[WORK INSTRUCTIONS] Copy out exactly the stretch of the listing below that begins at the line containing "Wali Kota Kediri" and ends at the line containing "美媒NBA现役各位置top10出炉!火箭双星闪耀!勇士排名出人意料", and copy nothing outside it.

[RECORDS FOR THIS EXERCISE]
= Beginning of Section =

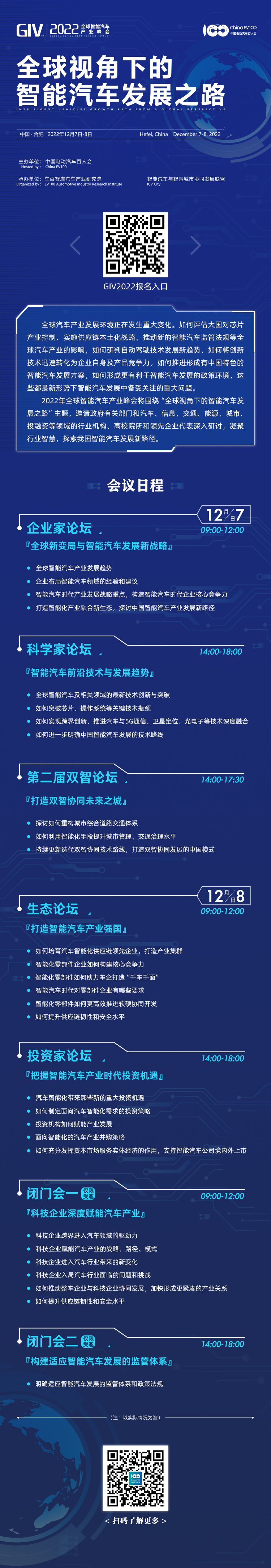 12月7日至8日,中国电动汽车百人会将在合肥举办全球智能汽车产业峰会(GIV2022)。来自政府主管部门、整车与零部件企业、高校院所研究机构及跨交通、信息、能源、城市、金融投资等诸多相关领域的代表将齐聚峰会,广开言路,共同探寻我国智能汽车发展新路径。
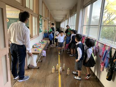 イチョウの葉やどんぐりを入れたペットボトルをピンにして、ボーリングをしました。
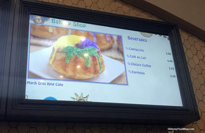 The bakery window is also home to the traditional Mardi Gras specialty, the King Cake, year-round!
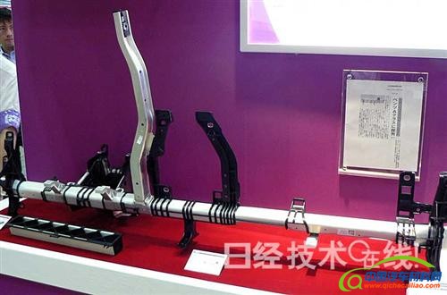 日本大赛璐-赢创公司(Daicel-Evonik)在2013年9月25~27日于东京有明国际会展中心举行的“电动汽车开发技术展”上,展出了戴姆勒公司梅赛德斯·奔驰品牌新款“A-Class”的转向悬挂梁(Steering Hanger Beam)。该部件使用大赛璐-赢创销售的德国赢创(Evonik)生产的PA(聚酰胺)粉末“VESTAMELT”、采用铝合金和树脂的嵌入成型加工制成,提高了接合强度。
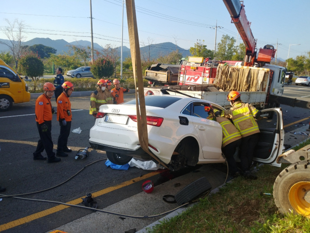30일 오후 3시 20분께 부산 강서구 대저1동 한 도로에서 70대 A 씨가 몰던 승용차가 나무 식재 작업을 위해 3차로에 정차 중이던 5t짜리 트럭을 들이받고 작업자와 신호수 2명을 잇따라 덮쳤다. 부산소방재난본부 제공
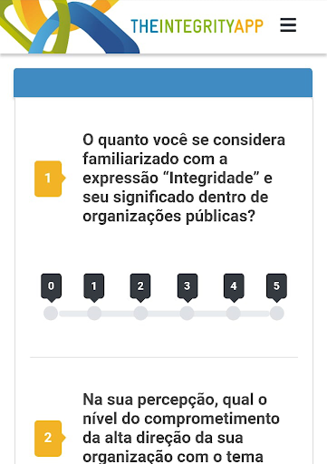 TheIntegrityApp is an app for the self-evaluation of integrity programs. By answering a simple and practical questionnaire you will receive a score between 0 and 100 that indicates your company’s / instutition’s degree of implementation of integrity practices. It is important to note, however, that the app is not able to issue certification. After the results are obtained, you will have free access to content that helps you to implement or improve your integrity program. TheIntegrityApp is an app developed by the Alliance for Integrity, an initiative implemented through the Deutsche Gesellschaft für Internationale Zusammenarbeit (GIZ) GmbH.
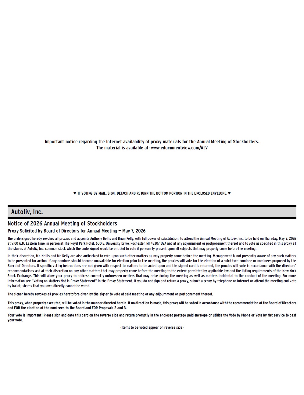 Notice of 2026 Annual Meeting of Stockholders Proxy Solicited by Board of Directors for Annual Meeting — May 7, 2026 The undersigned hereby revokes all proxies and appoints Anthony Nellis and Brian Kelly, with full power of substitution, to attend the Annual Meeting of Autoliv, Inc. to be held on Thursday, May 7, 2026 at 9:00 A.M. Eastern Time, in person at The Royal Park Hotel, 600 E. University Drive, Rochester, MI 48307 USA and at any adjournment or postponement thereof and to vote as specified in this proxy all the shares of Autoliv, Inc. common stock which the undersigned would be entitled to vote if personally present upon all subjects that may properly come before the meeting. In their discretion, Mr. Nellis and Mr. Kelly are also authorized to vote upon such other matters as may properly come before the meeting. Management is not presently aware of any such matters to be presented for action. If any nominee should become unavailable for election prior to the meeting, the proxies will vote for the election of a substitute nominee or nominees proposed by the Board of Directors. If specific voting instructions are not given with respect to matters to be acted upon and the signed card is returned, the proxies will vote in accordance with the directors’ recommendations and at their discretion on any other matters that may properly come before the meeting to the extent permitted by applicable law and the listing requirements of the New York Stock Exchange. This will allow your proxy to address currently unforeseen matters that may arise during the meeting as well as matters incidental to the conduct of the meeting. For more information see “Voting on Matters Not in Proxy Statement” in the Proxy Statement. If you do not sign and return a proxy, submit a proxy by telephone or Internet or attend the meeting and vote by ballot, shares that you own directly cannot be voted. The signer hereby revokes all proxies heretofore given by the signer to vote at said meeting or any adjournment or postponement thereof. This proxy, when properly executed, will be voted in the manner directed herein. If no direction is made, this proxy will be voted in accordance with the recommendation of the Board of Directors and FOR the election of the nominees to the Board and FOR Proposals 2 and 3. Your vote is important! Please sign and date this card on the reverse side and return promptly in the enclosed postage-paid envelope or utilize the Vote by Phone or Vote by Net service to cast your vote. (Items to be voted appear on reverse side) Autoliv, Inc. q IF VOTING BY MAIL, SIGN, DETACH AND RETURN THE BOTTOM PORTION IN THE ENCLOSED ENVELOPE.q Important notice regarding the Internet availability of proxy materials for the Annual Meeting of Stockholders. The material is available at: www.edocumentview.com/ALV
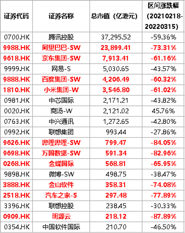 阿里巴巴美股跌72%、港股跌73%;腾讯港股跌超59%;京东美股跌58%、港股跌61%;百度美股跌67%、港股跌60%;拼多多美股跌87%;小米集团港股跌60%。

= End of Section =
= Beginning of Section =

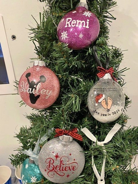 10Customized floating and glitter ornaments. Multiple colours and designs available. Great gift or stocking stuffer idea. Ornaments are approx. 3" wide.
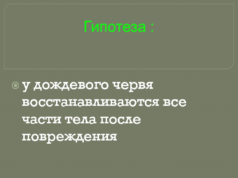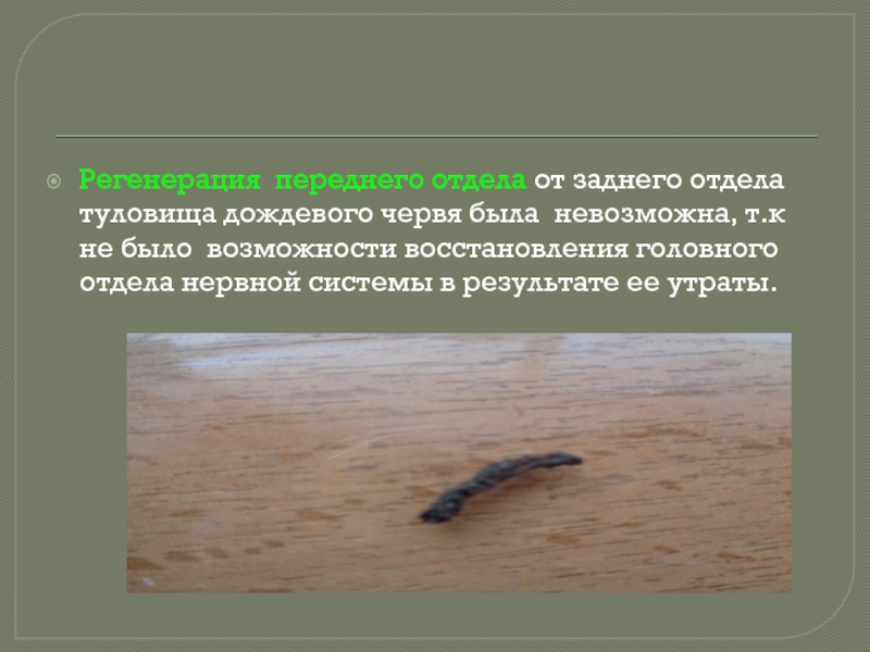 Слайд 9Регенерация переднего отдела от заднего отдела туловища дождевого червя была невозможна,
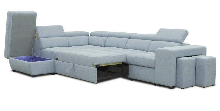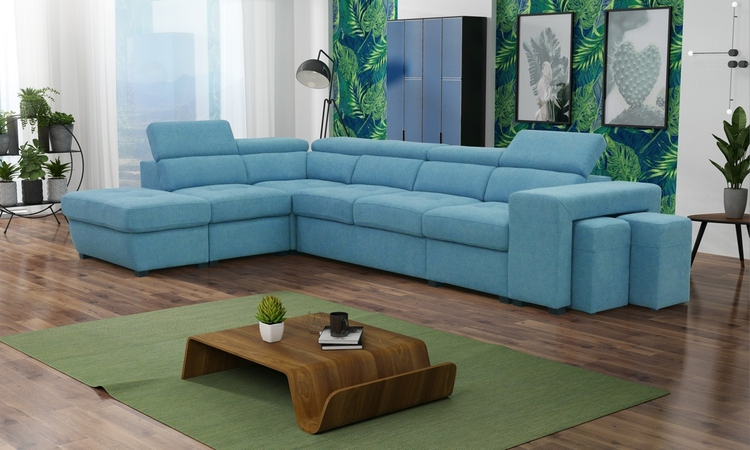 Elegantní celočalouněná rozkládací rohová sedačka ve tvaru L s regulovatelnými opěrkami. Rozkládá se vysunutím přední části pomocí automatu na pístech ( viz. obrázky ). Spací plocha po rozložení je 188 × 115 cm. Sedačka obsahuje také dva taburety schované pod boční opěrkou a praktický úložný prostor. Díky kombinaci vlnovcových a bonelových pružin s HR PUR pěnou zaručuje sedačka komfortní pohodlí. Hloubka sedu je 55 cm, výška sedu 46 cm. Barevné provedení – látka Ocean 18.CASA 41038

= End of Section =
= Beginning of Section =

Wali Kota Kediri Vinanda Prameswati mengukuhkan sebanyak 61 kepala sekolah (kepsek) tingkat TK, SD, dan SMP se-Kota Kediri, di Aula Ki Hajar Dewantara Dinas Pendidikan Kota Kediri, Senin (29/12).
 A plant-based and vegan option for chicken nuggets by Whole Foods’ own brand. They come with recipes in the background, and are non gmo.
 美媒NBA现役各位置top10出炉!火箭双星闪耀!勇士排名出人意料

= End of Section =

[SOLUTION BELOW]
Wali Kota Kediri Vinanda Prameswati mengukuhkan sebanyak 61 kepala sekolah (kepsek) tingkat TK, SD, dan SMP se-Kota Kediri, di Aula Ki Hajar Dewantara Dinas Pendidikan Kota Kediri, Senin (29/12).
 A plant-based and vegan option for chicken nuggets by Whole Foods’ own brand. They come with recipes in the background, and are non gmo.
 美媒NBA现役各位置top10出炉!火箭双星闪耀!勇士排名出人意料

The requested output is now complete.